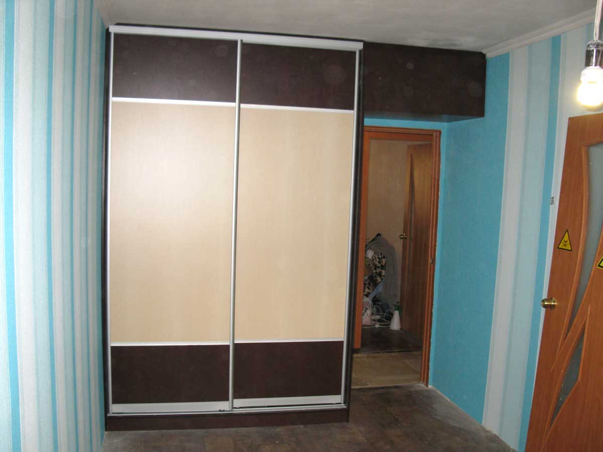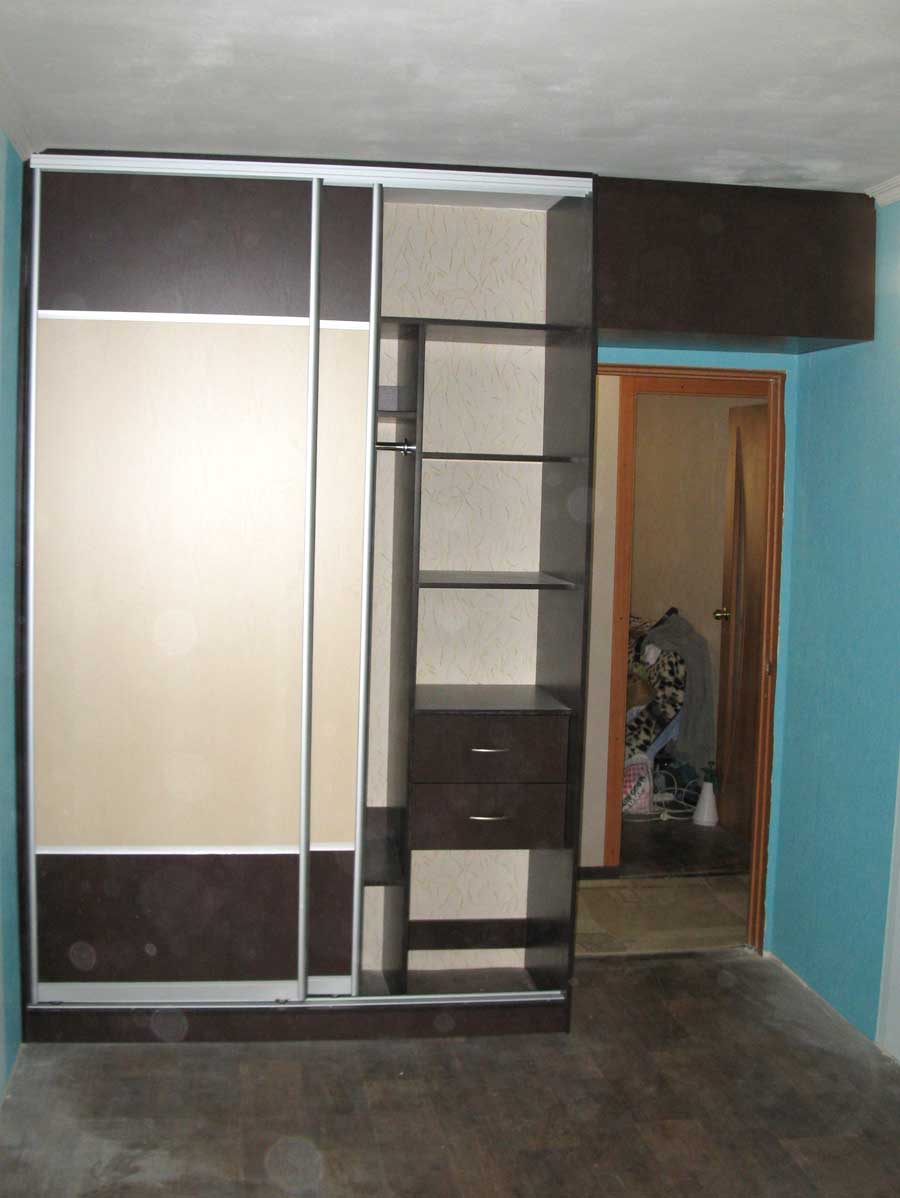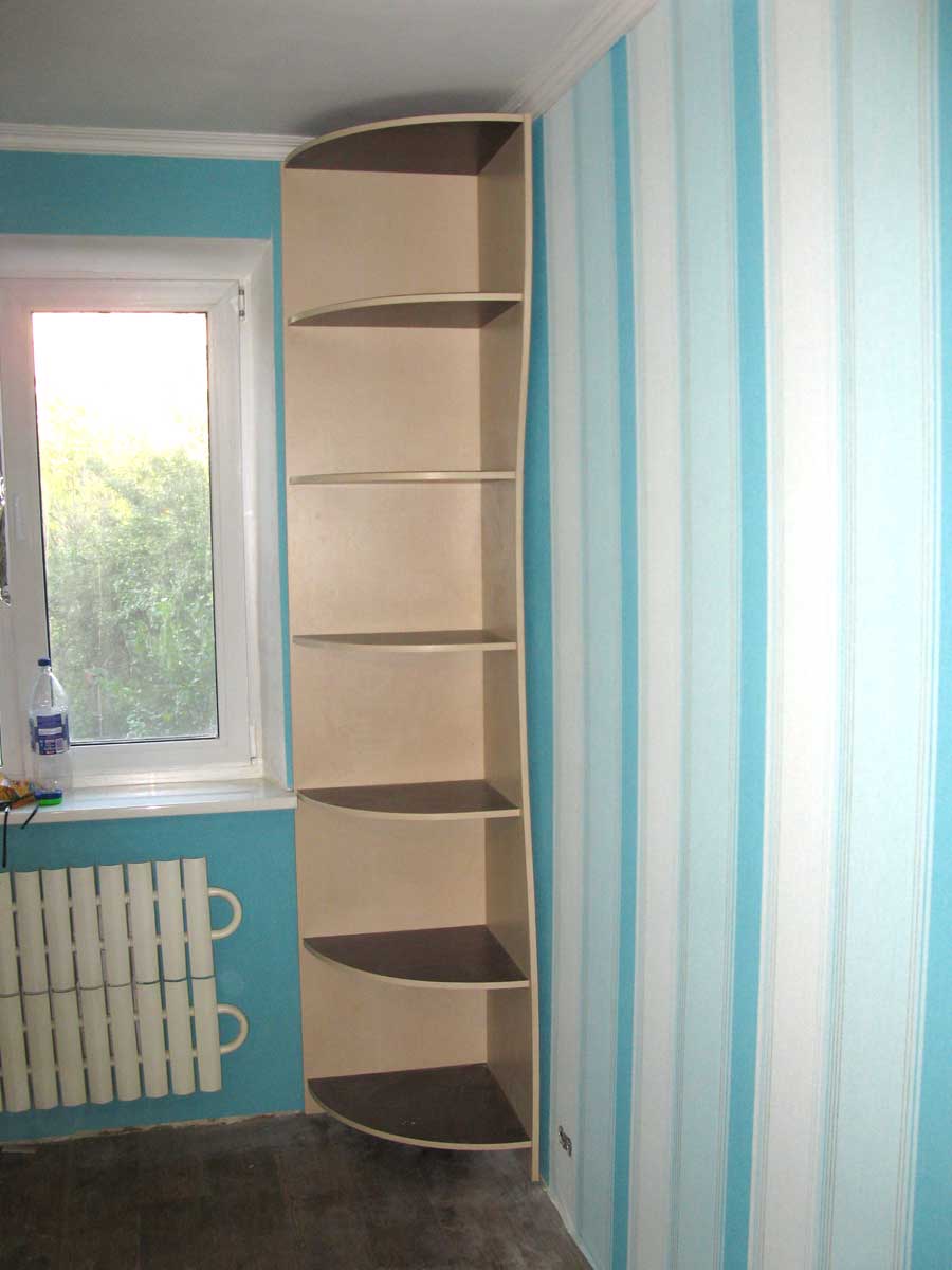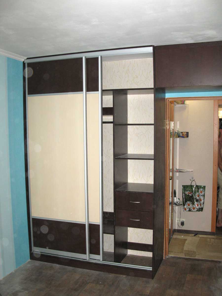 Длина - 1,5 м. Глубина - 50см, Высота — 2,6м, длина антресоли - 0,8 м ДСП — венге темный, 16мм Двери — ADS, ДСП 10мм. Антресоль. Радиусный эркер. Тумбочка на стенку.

--- --- ---

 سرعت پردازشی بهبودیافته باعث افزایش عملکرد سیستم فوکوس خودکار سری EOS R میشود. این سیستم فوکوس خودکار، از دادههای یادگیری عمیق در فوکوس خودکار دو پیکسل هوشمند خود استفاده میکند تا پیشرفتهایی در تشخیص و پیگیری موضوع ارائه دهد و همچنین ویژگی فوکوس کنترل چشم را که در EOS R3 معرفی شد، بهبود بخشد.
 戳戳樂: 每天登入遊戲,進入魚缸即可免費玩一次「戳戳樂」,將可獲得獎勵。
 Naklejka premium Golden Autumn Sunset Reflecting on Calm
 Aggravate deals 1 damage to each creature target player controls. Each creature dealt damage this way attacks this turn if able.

--- --- ---

- _YOUR ASSIGNMENT_: Where the data above reaches the line holding "Naklejka premium Golden", begin printing, and stop after the line holding "Aggravate deals 1". Each line must be reproduced exactly, with nothing else added.

- _WRITTEN RESPONSE_:
 Naklejka premium Golden Autumn Sunset Reflecting on Calm
 Aggravate deals 1 damage to each creature target player controls. Each creature dealt damage this way attacks this turn if able.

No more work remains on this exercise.